Wisdom Isn’t For Kids

The boy was working on a last minute gift for the Wife. He’d already picked out a couple of presents, but he wanted to make her something as well. So, he set to work on one of those rubber band bracelets that seems to have taken the world by storm. Perhaps its just our world, but for all intents and purposes, it’s the world.

He came home one day a couple months ago and was weaving these these rubber bands together with his fingers. He said a friend had shown him how to do it at school. Soon after that, the Wife had purchased a supply of rubber bands for making the bracelets and he and the lass would sit and string them together. Shortly after that, he got a “loom” for making even fancier patterns. Then we were seeing all the kids making the dang things. Since then, both kids have mastered several patterns and designs and will sit and work on them when the mood strikes them.

So the boy had worked out a hybrid design involving a “hex-a-fish” and a “star-burst” design together and was working on joining the two halves together. That’s when “disaster” struck. Remember, when you’re a kid, everything that doesn’t go exactly, perfectly, as expected is a disaster.

The boy, naturally, responded appropriately.

He grabbed the bracelet he’d been working on and threw it across the room. Then yelled about how the world isn’t fair and everything always goes wrong right at the end when everything is almost done.

The Wife and I both tried to calm him a bit, but it was little use. He was cranked up and needed to be distracted from it. He stomped upstairs to go beat up his bed, or something.

I then had an idea.

I went up after him and asked him to join me for a moment. We walked over to a book shelf I’d made for the Wife and I pointed to some inlay work I’d done on it. It was a straight line of alternating darker wood set into a piece of maple. The accent gave the book shelf a little bit of character that it otherwise would have lacked.

It also never would have been there if I hadn’t messed up while building the bookshelf. I’d cut a groove on the wrong side of that piece of wood. I was upset when I’d done it, but rather than hurl the piece across the yard and destroy the garage to vent my rage, I walked away from it. I showed it to the Wife a bit later and she came up with the idea for the inlay.

So I explained all this to the boy. I set it up by asking him if what he thought of that little bit of inlay and then went on to explain how it ended up there. I even concluded the entire thing with a nice pithy “And the only reason it’s there is because of a mistake,” which, given the circumstances, I thought was a nice way to try and give him a different perspective on his own situation.

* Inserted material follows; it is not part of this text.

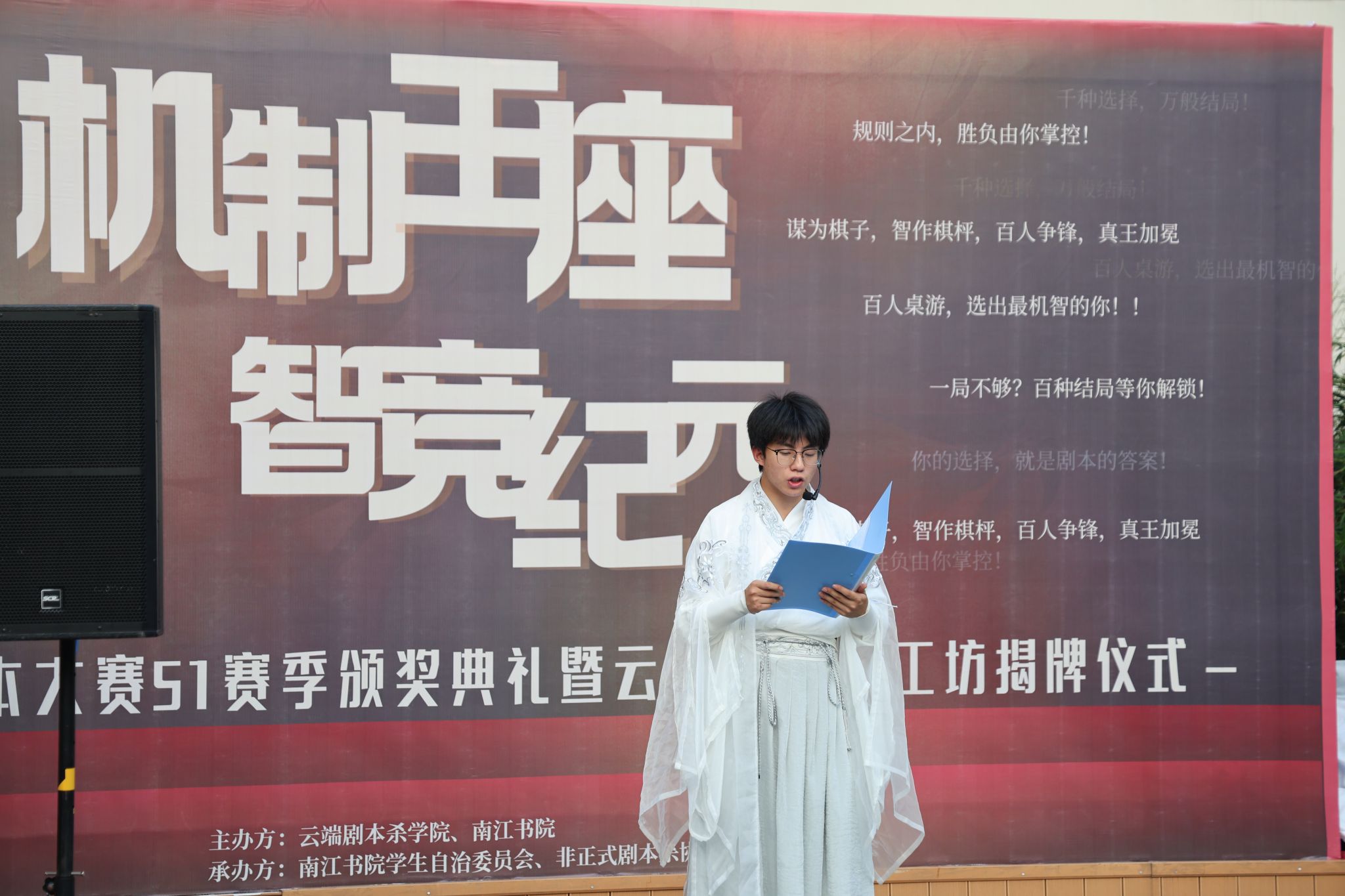6月15日19:00,由綦江校区云端剧本杀学院联合南江书院共同举办的“机制王座:智竞纪元”百人机制本大赛S1赛季颁奖典礼暨云端·剧本杀工坊揭牌仪式在南江书院中庭拉开序幕。

I was feeling pretty good about myself at that point. It was just like the movies where the young child is imparted with some useful life wisdom by his parent and everyone walks away happy and better. Roll credits.

Yeah, right.

The boy, seeing I was done, got up and walked back to his room to continue doing whatever it was he’d been doing. I sat there for a moment, admittedly disappointed. I already knew life kids don’t accept these sorts of lessons quite so neatly and cleanly as we parents would like. But I’d hoped this would at least get some kind of reaction. Alas, it was not meant to be.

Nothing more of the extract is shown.